Data to examine Start Marker
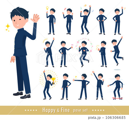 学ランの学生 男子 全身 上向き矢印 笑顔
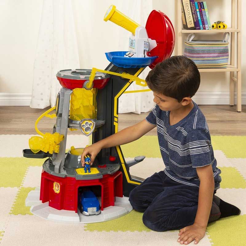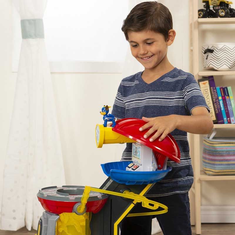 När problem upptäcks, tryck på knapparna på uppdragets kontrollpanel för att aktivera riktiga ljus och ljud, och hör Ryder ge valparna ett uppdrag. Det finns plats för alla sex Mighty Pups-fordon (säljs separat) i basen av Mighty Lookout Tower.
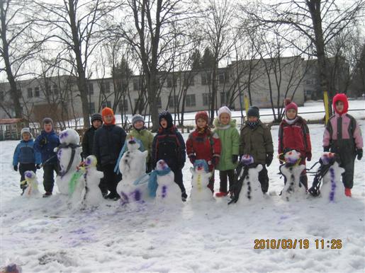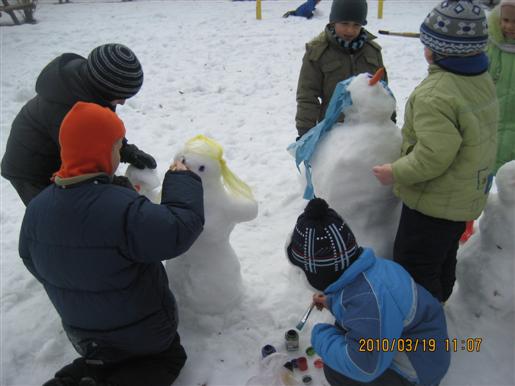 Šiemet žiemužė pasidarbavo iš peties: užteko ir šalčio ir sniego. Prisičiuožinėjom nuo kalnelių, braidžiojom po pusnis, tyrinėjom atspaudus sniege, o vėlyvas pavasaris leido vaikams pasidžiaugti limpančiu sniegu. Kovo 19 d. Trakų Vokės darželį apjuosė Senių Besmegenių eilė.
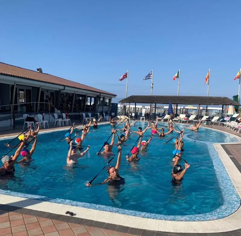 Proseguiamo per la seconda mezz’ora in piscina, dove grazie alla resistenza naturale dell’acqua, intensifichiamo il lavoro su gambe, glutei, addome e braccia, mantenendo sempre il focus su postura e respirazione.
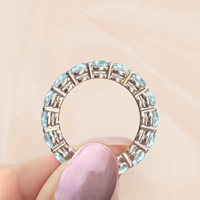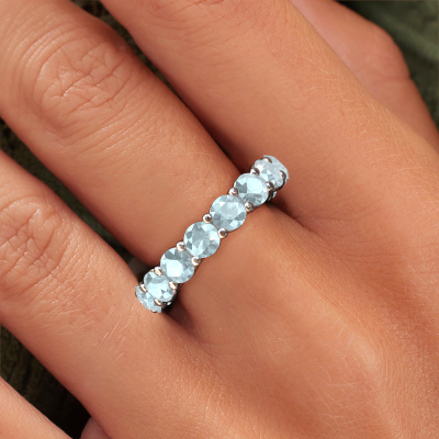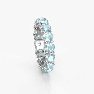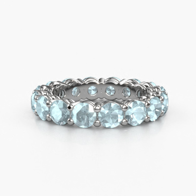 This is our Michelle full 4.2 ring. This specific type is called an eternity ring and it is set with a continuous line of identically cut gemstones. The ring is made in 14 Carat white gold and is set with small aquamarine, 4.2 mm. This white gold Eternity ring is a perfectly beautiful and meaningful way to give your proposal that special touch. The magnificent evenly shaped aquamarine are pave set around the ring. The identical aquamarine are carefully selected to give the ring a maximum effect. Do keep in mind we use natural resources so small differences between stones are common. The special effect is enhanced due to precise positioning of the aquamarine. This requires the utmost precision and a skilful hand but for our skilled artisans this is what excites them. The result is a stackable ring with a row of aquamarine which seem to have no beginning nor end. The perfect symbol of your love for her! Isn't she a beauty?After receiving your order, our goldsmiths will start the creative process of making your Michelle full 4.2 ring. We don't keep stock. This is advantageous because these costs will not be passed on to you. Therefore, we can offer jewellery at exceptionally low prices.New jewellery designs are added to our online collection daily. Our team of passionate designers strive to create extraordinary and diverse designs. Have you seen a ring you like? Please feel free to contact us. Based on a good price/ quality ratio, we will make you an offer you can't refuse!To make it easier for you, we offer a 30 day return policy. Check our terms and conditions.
Data to examine End Marker
Data to examine Start Marker
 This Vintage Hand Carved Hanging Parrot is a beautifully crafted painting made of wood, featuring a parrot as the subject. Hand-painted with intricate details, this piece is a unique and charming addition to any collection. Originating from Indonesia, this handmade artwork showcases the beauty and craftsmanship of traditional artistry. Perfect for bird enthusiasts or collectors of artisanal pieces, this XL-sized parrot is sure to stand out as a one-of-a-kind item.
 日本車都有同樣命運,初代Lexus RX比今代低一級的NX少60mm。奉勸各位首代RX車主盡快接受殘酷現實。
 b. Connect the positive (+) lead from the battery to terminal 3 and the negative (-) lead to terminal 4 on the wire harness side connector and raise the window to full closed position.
Data to examine End Marker
Exercise objective: The copy should hold only the lines from the one with "学ランの学生 男子 全身 上向き矢印 笑顔" through the one with "Proseguiamo per la", exactly as they stand above. Leave out the pictures.

Solution:
 学ランの学生 男子 全身 上向き矢印 笑顔
 När problem upptäcks, tryck på knapparna på uppdragets kontrollpanel för att aktivera riktiga ljus och ljud, och hör Ryder ge valparna ett uppdrag. Det finns plats för alla sex Mighty Pups-fordon (säljs separat) i basen av Mighty Lookout Tower.
 Šiemet žiemužė pasidarbavo iš peties: užteko ir šalčio ir sniego. Prisičiuožinėjom nuo kalnelių, braidžiojom po pusnis, tyrinėjom atspaudus sniege, o vėlyvas pavasaris leido vaikams pasidžiaugti limpančiu sniegu. Kovo 19 d. Trakų Vokės darželį apjuosė Senių Besmegenių eilė.
 Proseguiamo per la seconda mezz’ora in piscina, dove grazie alla resistenza naturale dell’acqua, intensifichiamo il lavoro su gambe, glutei, addome e braccia, mantenendo sempre il focus su postura e respirazione.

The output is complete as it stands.